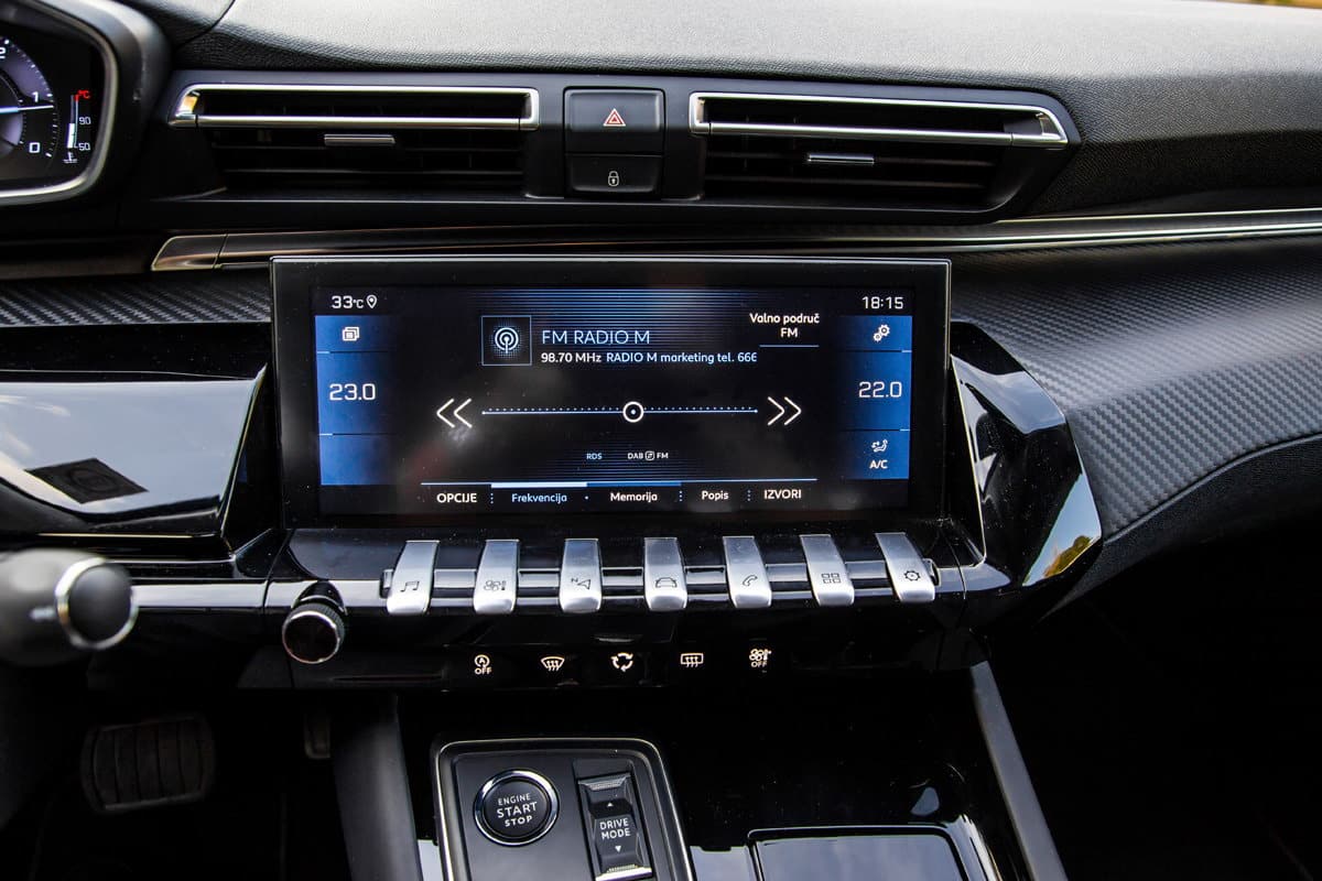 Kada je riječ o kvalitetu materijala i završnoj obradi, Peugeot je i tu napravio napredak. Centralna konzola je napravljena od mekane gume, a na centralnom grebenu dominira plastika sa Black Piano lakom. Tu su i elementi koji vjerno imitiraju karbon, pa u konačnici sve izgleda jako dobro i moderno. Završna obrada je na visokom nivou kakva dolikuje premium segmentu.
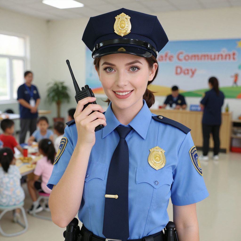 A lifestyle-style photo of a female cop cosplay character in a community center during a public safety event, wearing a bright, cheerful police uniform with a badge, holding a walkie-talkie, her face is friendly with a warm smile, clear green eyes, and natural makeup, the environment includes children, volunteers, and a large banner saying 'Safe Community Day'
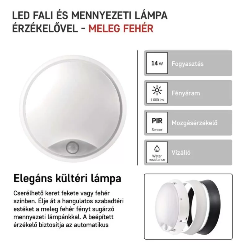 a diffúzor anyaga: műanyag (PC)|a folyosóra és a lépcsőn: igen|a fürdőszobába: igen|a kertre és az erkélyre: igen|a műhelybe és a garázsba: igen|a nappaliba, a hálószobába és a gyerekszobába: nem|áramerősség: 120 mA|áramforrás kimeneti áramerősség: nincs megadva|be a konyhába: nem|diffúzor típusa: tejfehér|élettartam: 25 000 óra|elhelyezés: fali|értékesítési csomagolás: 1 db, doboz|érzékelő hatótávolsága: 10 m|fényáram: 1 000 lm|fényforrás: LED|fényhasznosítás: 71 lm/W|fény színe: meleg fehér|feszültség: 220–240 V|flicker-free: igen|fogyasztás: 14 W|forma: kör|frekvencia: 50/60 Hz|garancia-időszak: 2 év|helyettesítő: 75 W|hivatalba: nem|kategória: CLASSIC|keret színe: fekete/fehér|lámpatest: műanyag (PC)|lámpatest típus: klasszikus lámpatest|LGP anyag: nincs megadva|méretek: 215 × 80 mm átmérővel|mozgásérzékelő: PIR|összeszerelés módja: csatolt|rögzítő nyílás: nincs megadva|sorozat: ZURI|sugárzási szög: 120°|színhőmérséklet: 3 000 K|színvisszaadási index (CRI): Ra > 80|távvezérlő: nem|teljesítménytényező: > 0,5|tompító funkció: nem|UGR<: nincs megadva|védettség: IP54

* * *

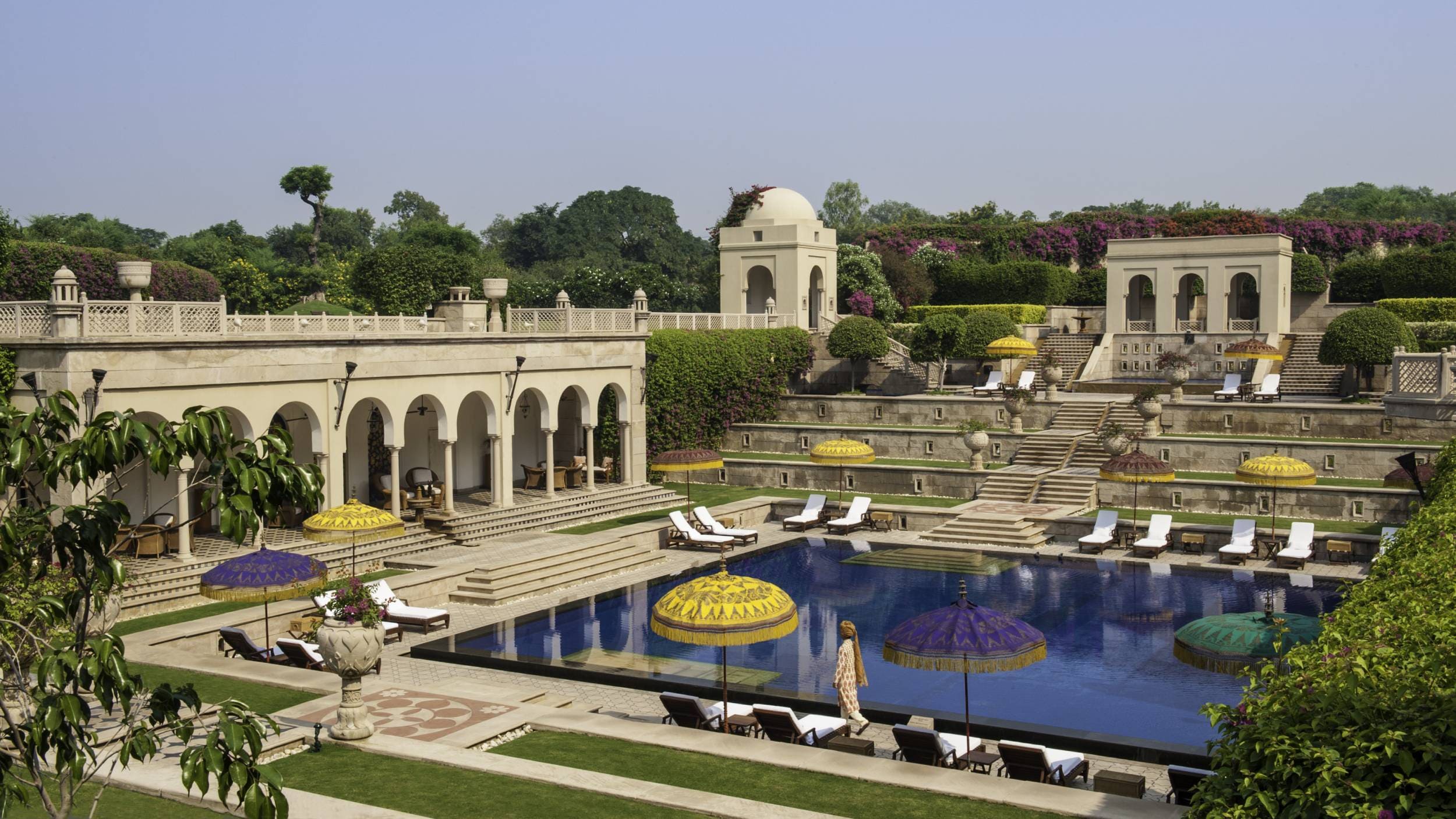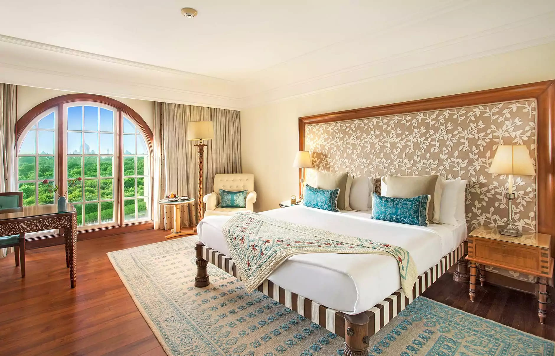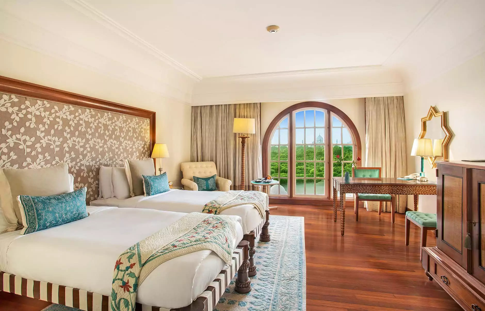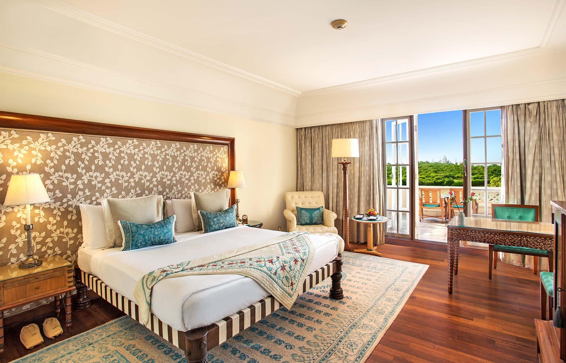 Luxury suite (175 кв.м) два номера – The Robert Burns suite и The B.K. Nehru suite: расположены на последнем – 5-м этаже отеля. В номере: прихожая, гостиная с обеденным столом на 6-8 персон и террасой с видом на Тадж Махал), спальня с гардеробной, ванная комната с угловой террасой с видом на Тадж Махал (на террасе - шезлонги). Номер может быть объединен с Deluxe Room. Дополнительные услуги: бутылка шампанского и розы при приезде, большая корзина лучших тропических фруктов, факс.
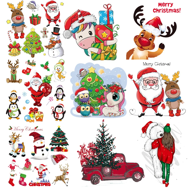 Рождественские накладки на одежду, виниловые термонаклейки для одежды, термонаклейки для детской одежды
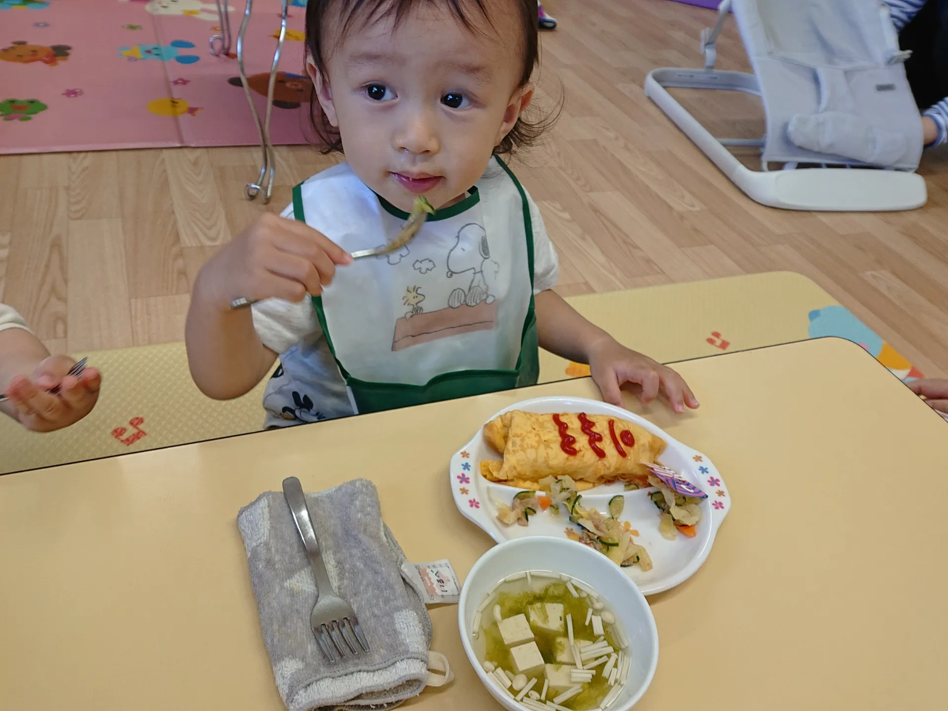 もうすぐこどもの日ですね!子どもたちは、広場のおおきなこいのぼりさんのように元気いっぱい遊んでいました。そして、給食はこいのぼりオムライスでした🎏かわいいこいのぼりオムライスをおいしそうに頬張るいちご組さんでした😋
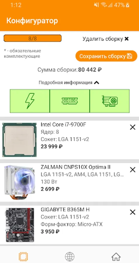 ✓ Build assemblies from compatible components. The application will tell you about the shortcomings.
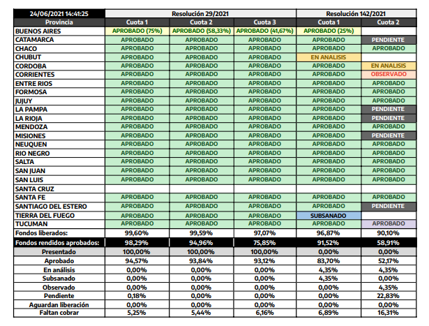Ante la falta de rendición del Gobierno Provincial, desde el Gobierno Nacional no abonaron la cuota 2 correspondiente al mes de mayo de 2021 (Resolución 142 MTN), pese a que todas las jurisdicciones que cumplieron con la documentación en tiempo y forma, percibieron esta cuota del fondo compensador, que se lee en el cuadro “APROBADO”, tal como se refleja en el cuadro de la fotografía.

...

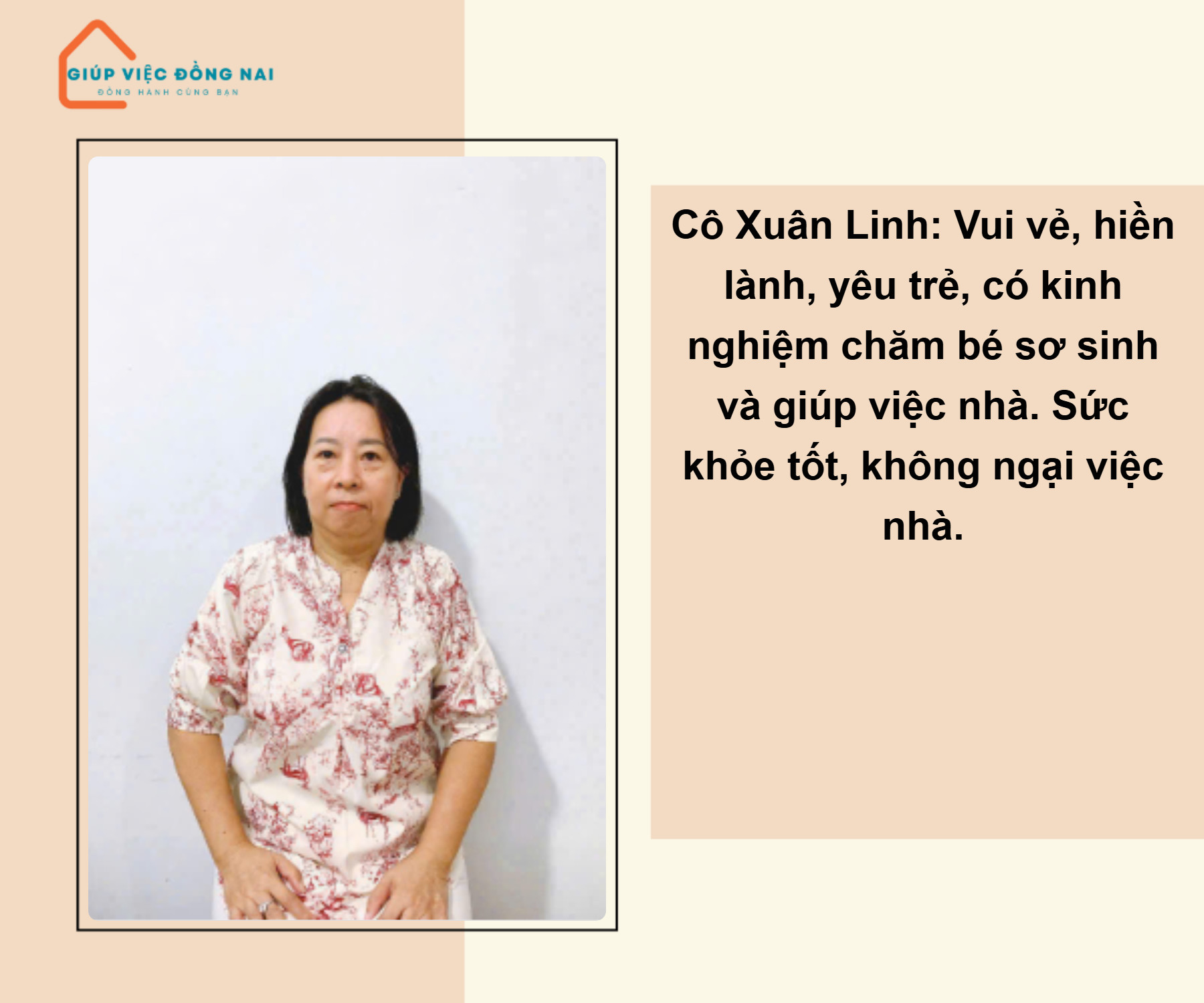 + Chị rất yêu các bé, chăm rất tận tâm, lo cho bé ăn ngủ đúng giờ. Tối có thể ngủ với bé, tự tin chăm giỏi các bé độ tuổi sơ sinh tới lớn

- **What is being asked**
Exactly reproduce the lines above, starting at the one that contains "about the shortcomings." and ending at the one that contains "Ante la falta", both inclusive; leave the pictures out and add no other lines.

- **Problem solution**
 ✓ Build assemblies from compatible components. The application will tell you about the shortcomings.
Ante la falta de rendición del Gobierno Provincial, desde el Gobierno Nacional no abonaron la cuota 2 correspondiente al mes de mayo de 2021 (Resolución 142 MTN), pese a que todas las jurisdicciones que cumplieron con la documentación en tiempo y forma, percibieron esta cuota del fondo compensador, que se lee en el cuadro “APROBADO”, tal como se refleja en el cuadro de la fotografía.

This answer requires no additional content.